Paul "Skip" Moyer started to study bass with Wes Fisher at the age of 15. At age 17 he studied with Frederick Zimmerman while at a string conference at West Chester University. During his senior year at Reading High School he started to play with the Reading Symphony Orchestra and the Lancaster Symphony Orchestra. During this time Skip's first professional jazz gig was with Joe Miller and the Reading Jazz Quartet. He also won a scholarship sponsered by the National Musicians Union for the Congress of Strings. At Michigan State University, where he studied with Warren Benfield of the Chicago Symphony.

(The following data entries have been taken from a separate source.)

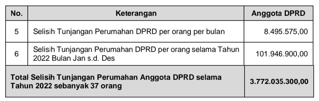 Berdasarkan perhitungan di atas, menunjukkan bahwa terdapat selisih nilai pemberian Tunjangan Perumahan sebesar Rp3.772.035.300,00 dari total yang diterima oleh Anggota DPRD selama Tahun 2022.
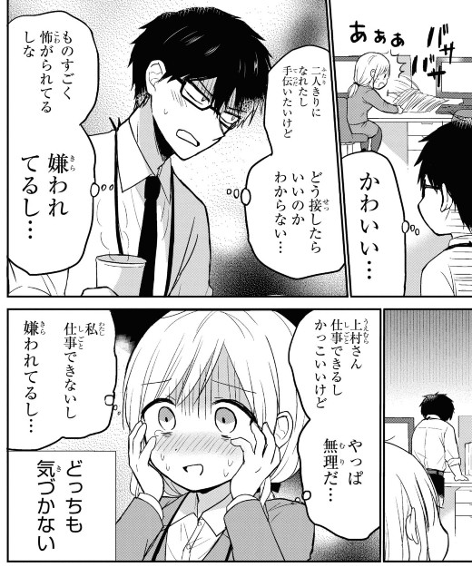 上村くんに怒られてばかりの森下さん。実は上村くんは森下さんに癒やしを感じ、森下さんは仕事ができる上村くんをカッコいいと思っている――のですが、お互い「怖がられている」「仕事ができないから嫌われている」と思い込んでいます。
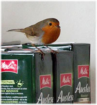 2.3.20 ....Lütt Roodbost kiekt op'n Koffi rin Ik höör dat jichenswo russeln un denk noch, dat is mien Fru aver nee, dat weer wen anners, en lütt Roodbost weer rinflagen! Toeerst seet dat in de Vörraadskamer un intresseer sik apensichtlich orig för den Koffi. Denn büx dat in de Wahnstuuv ut! Ik heff dat Finster wied opmaakt un gaaaanz vörsichtig den lütten Pieper na buten schuucht. De Vagels köönt dat ja nich af, wenn se to veel Stress kriegt, opletzt fallt mi de Buttscher noch in Amidam orr kriggt den Hartslag un tschüß. Nee, dat wull ik nich riskeern wo buten doch dat Fröhjohr op em töövt mit Sünnenschien un siene Leevste jichenswo! Aver för en poor Fotos harr ik Tied. Harr de Kamera jüst to Hand. De Biller köönt Se per Klick

He joined the Navy the day before his 18th birthday as a musician and graduated from the Navy school of music. After three years in the Navy he studied with Frederick Batchelder of the Philadelphia Orchestra for a year. He then moved to New York City to study with Johnny Schaeffer, principal bass of the New York Philharmonic. While living in New York for two and a half years he worked for Carl Fischer Music Publishers.
He auditioned to play in a Broadway show and was selected to play onstage as part of the show "Morning, Noon, and Night" a cult classic put on Broadway by the Circle in the Square Theatre Company of Greenwich Village.
Skip has had an eclectic and interesting musical career playing all over the world in every musical venue from Arthur Fiedler, Eugene Ormandy, Broadway Theatre in New York to the "Hunch Boogie Band" and The Mischief Makers German Polka Band. Skip has been playing with the Reading Symphony for 41 years. He has also played in the Filharmonica de Caracas in Caracas, Venezuela for one year.
While living in New York Skip played in a band with Nell Carter. He also played with Dave Bromberg and Kenny Kosek, James Cotton, Al Kooper, Elliot Randal and John Hall. Some jazz notables Skip has performed with - Dave Stahl, Jimmy Dorsey, Sammy Kaye and Les Elgart Big Bands. Walt Levinsky, Larry McKenna, Nathan Davis, Al Grey, Don Patterson, Gerry Mulligan, Bela Fleck and the Flecktones, Tim Warfield, Ron Thomas, Brian Wilson, Jimmy Bruno, Mark O'Conner, Dennis DeBlasio, Tim Price, Dave Lalama, Ralph Lalama and Nicole Pasternak.